Exact copy, no pictures: take the lines of the listing below from the first through the one containing "People visit the".

───── Material for the task

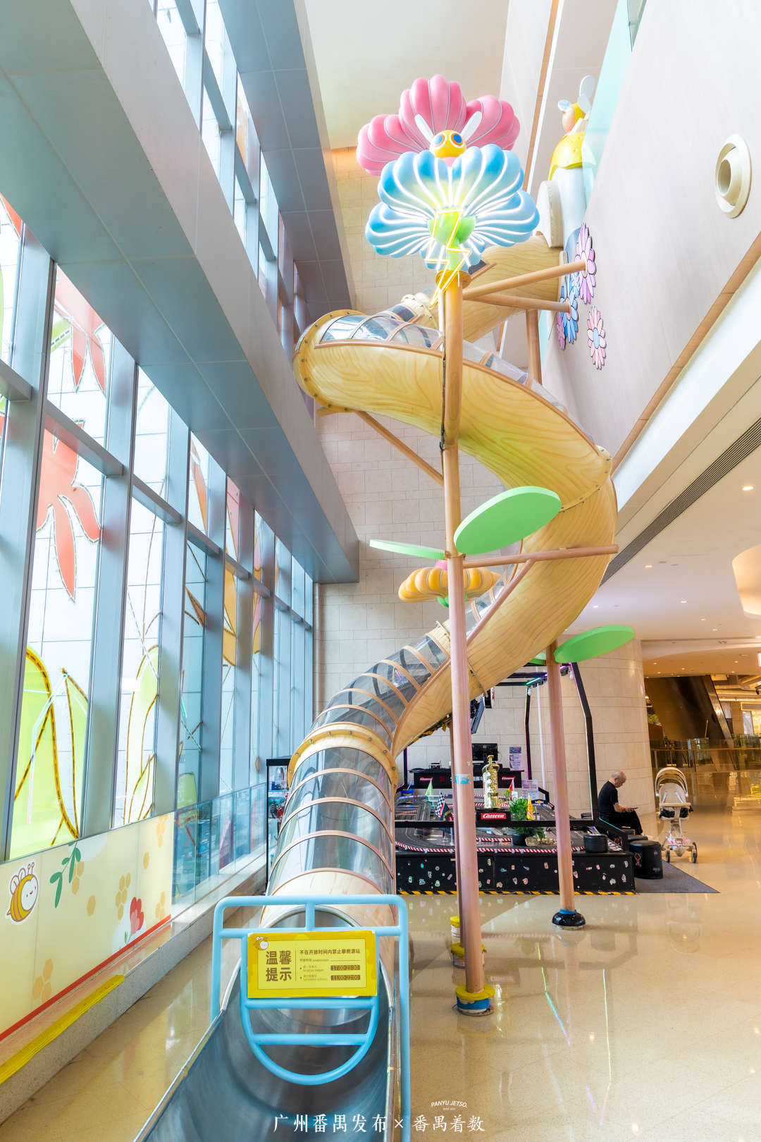 番禺天河城最大的亮点之一是超长旋转滑梯!从2楼滑到3楼,刺激又好玩,是孩子们的最爱。
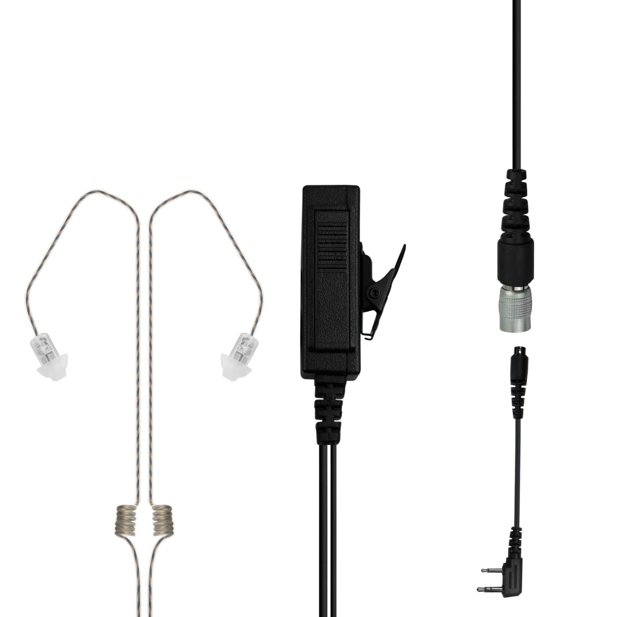 The Dual Ear Invisible Tubeless Earpiece & Patrol Mic Kit offers versatility with its 3.5mm earphone base. This allows you to connect any 3.5mm earpiece/ear pro into the system. Whether you want to deploy a different earpiece, consumer ear buds for undercover operations, or incorporate ear pro(add't cable required), this kit has you covered. The Invisible Tubeless Earpiece can also be used on conventional speaker mics with a 3.5mm jack.
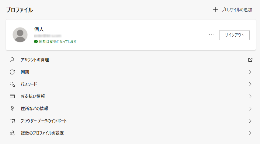 Edgeブラウザーを開いて右上「…」⇒設定⇒プロファイル を開きます。
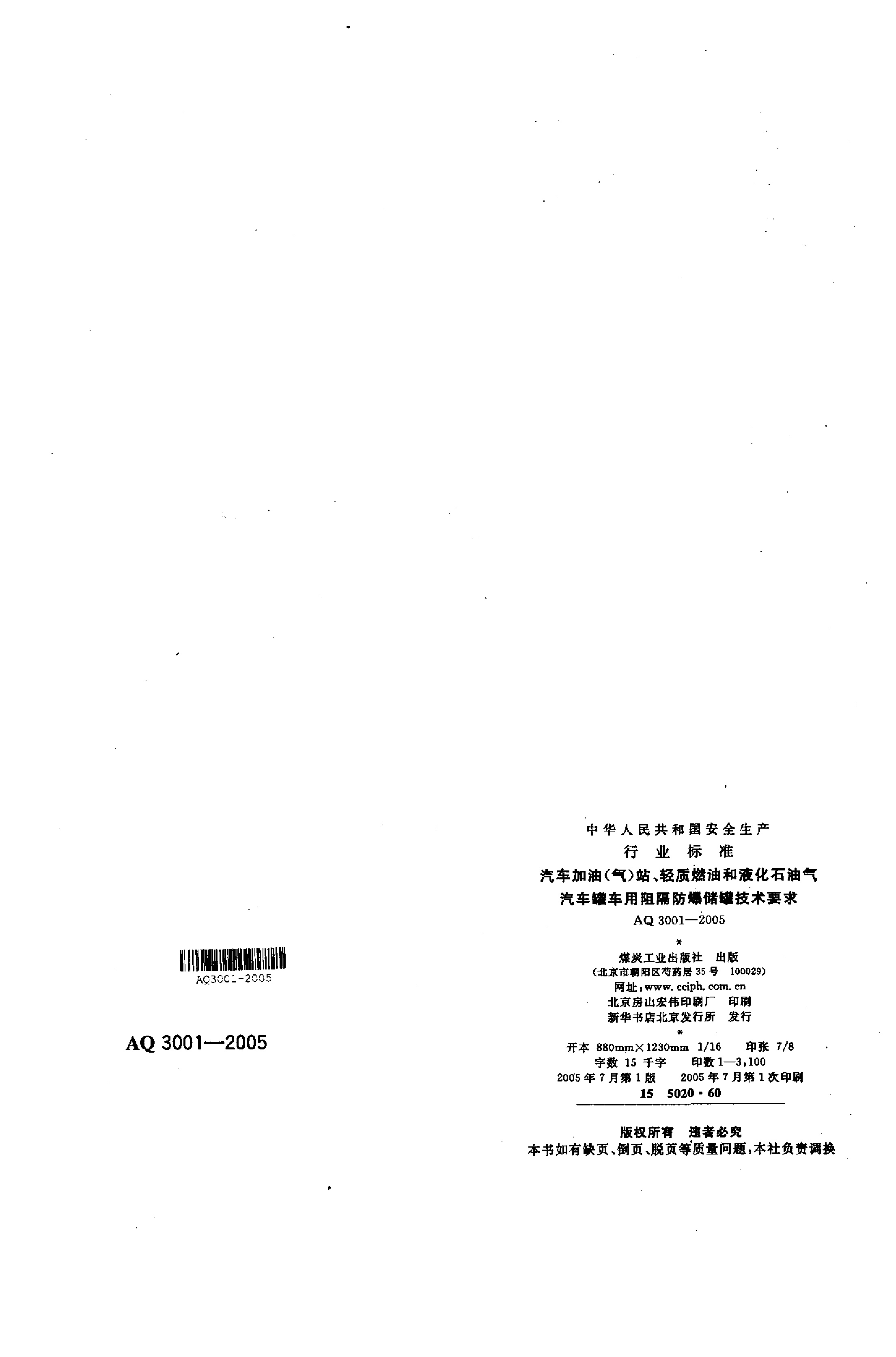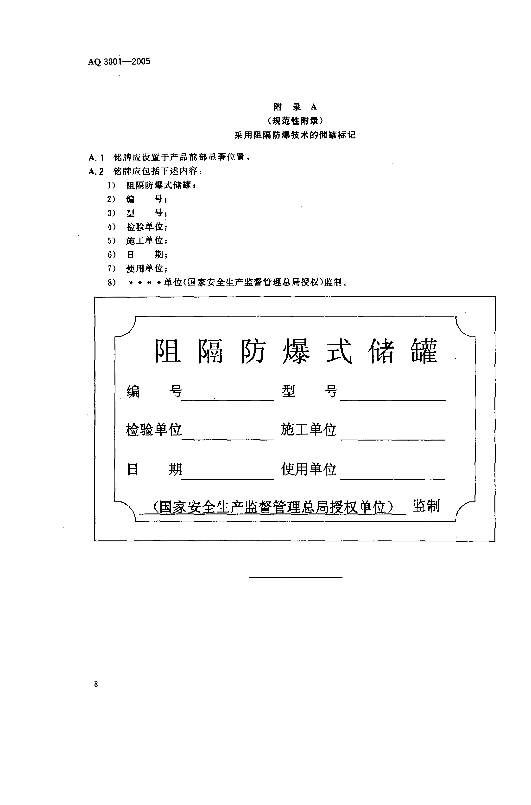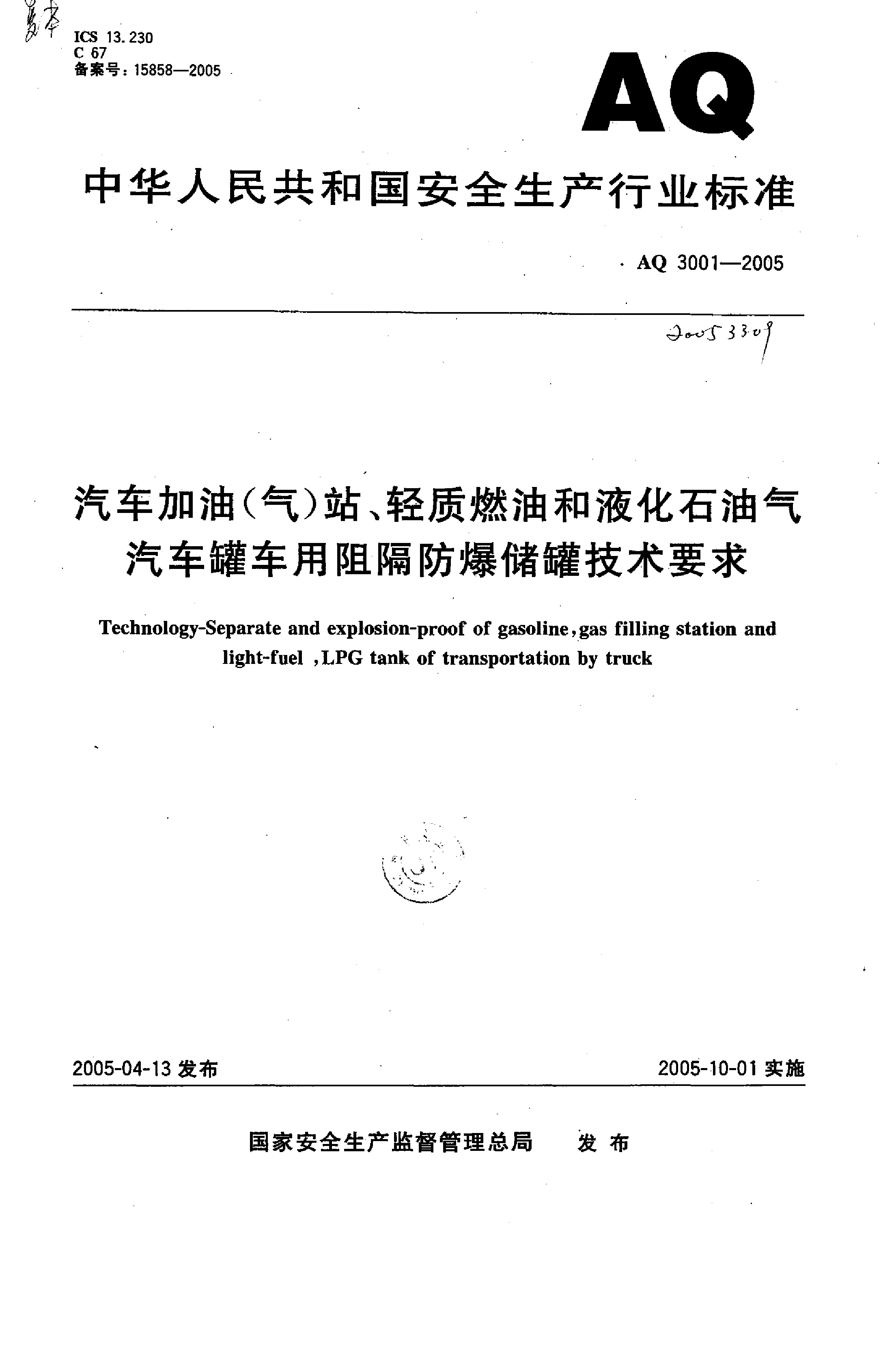 《汽车加油(气)站、轻质燃油和液化石油气汽车罐车用阻隔防爆储罐技术要求》(AQ 3001-2005)
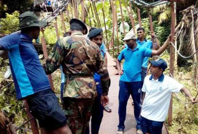 இதை அறிந்த இலங்கை கடற்படை தலைமையகம், இலங்கை கடற்படையினரை சம்பவ இடத்திற்கு மீட்பு மற்றும் புனரமைப்பு பணிக்கு அனுப்பி வைத்தனர். குடியிருப்பாளர்களின் உதவியுடன், கடற்படையின் அவசரநிலைப் பொறுப்புக் குழு சேதமடைந்த பாலத்தை இன்று (11.09.2017) சீரமைத்தனர்.
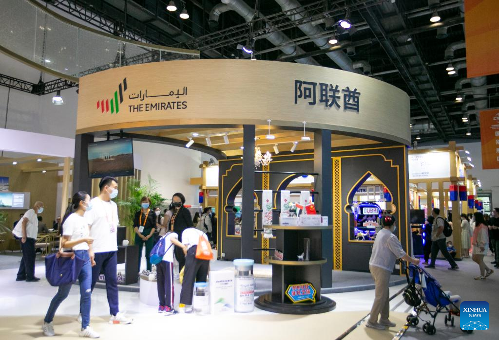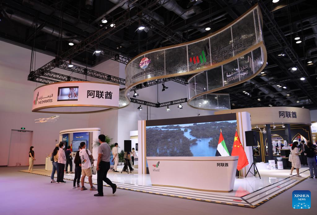People visit the booth of the United Arab Emirates (UAE) at the China National Convention Center during the 2022 China International Fair for Trade in Services (CIFTIS) in Beijing, capital of China, Sept. 3, 2022. (Xinhua/Zhang Fan)
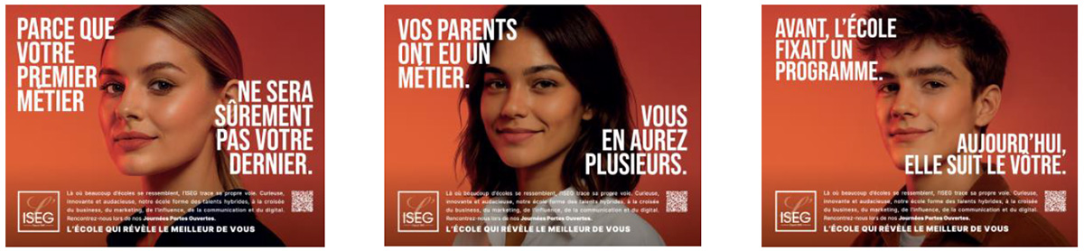 Dans un monde où le marché du travail se transforme à grande vitesse, l'ISEG choisit de regarder la réalité en face et de préparer les jeunes à un avenir pluriel, évolutif et créatif. Pensée pour questionner et faire réfléchir, la nouvelle campagne de l'ISEG qui renforce son positionnement, met en lumière une vérité fondamentale : la société change vite et les jeunes devront combiner plusieurs expertises afin de s'adapter à l'évolution permanente des métiers. Pour faire rayonner son positionnement et son approche éducative singulière, l'ISEG a déployé une campagne d'affichage nationale en DOOH dans les villes couvrant les 8 campus du groupe. Les affiches seront visibles jusqu'au 10 décembre..
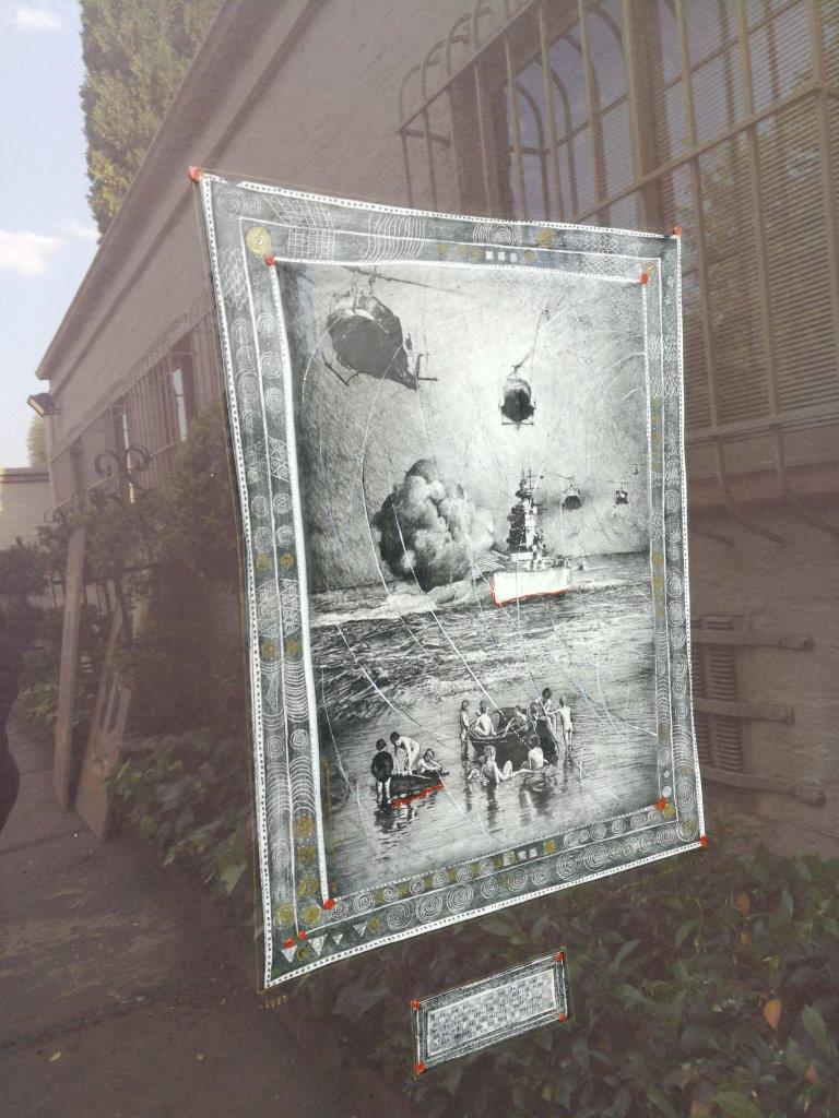 Boys with British Battleship a Johan du Plessis (South Africa, 20th C.), ink, pencil, varnish and wax on paper, signed, dated 1990

──────────

* **Solution**
 番禺天河城最大的亮点之一是超长旋转滑梯!从2楼滑到3楼,刺激又好玩,是孩子们的最爱。
 The Dual Ear Invisible Tubeless Earpiece & Patrol Mic Kit offers versatility with its 3.5mm earphone base. This allows you to connect any 3.5mm earpiece/ear pro into the system. Whether you want to deploy a different earpiece, consumer ear buds for undercover operations, or incorporate ear pro(add't cable required), this kit has you covered. The Invisible Tubeless Earpiece can also be used on conventional speaker mics with a 3.5mm jack.
 Edgeブラウザーを開いて右上「…」⇒設定⇒プロファイル を開きます。
 《汽车加油(气)站、轻质燃油和液化石油气汽车罐车用阻隔防爆储罐技术要求》(AQ 3001-2005)
 இதை அறிந்த இலங்கை கடற்படை தலைமையகம், இலங்கை கடற்படையினரை சம்பவ இடத்திற்கு மீட்பு மற்றும் புனரமைப்பு பணிக்கு அனுப்பி வைத்தனர். குடியிருப்பாளர்களின் உதவியுடன், கடற்படையின் அவசரநிலைப் பொறுப்புக் குழு சேதமடைந்த பாலத்தை இன்று (11.09.2017) சீரமைத்தனர்.
People visit the booth of the United Arab Emirates (UAE) at the China National Convention Center during the 2022 China International Fair for Trade in Services (CIFTIS) in Beijing, capital of China, Sept. 3, 2022. (Xinhua/Zhang Fan)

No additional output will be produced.